Понятно стало и то, отчего пошли теперь адские волнения на высшем уровне. Понятно, отчего так переживал Гадаборцев. Этакое – да не уберечь… Наверное, подумал Богдан, знавший человеческую природу несколько лучше физики, работники внутренней охраны, разбиравшиеся с похищением, рады-радешеньки были увериться: предоставленный им ком действительно есть остатки прибора. Такой результат расследования был для них наилучшим. То есть, может статься, устройство и впрямь было расплавлено – но поверили в это следователи, надо полагать, очень охотно.
Но и поведение преступника, раньше казавшееся Богдану психологически совершенно невозможным, предстало теперь в ином свете и начало выглядеть более достоверным. Прекрасный специалист, один из создателей изделия, лучше многих других мог представить себе его сокрушительную, не имеющую никаких подобий в мировой оружейной практике силу – и, видя прибор постоянно у себя под боком, он мог заболеть едва ли не манией, каковую даже самый сведущий душезнатец, однако ж, не отнес бы к действительным недугам. Желание обезопасить мир от подобного оружия и впрямь могло стать навязчивой идеей и вызвать странности в поведении.

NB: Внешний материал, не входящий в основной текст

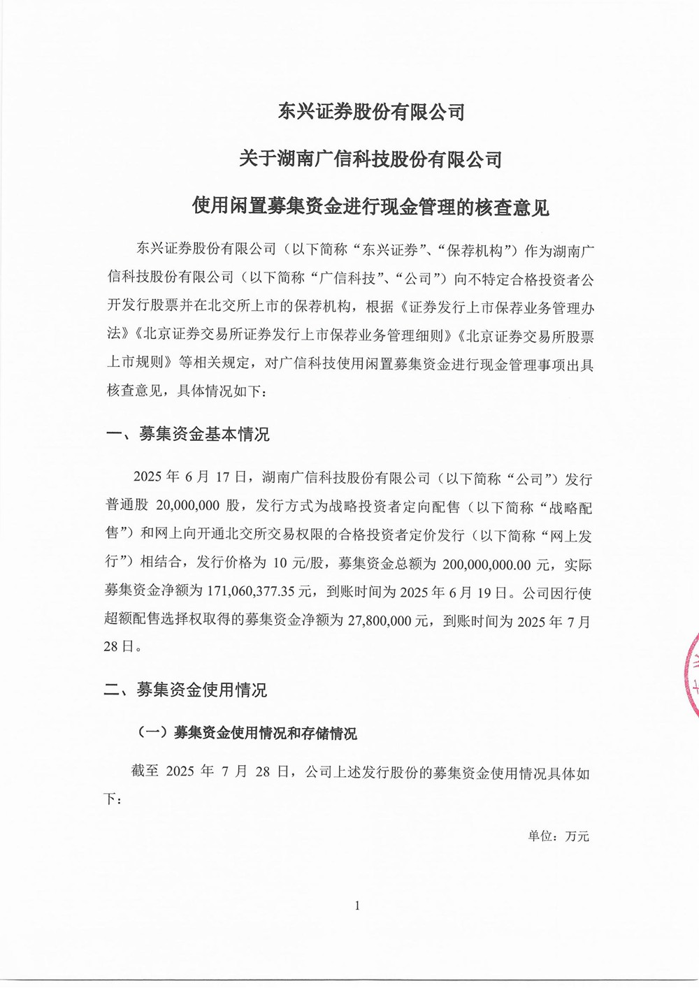 Verification opinion on using idle raised funds for cash management

Впрочем, с преступлением теперь было не очень ясно.
Молодого физика, хранителя музея, звали Семен Семеныч Гречкосей. Двенадцать лет назад он закончил Александрийское великое училище[25]25
Великое училище, дасюэ – то есть, говоря попросту, университет.
[Закрыть], проявил незаурядные, можно даже сказать, выдающиеся способности и был распределен в Дубино, чем очень гордился и чему на ту пору очень радовался.
Если бы нам дано было знать будущее…
Гречкосей стал в Дубино одним из лучших учеников и – если пренебречь разницей в возрасте – друзей в общем-то трудно сходившегося с людьми Мордехая Ванюшина. После того как работы по проекту «Снег» были свернуты и Ванюшин уехал в родной улус, Гречкосею ни много ни мало предложили занять его место, возглавить группу, переориентированную после закрытия противуастероидных изысканий на исследование возможностей воздействия на свойства пространства; но Гречкосей отказался. Примечательна была мотивировка: он счел себя недостойным занять место учителя.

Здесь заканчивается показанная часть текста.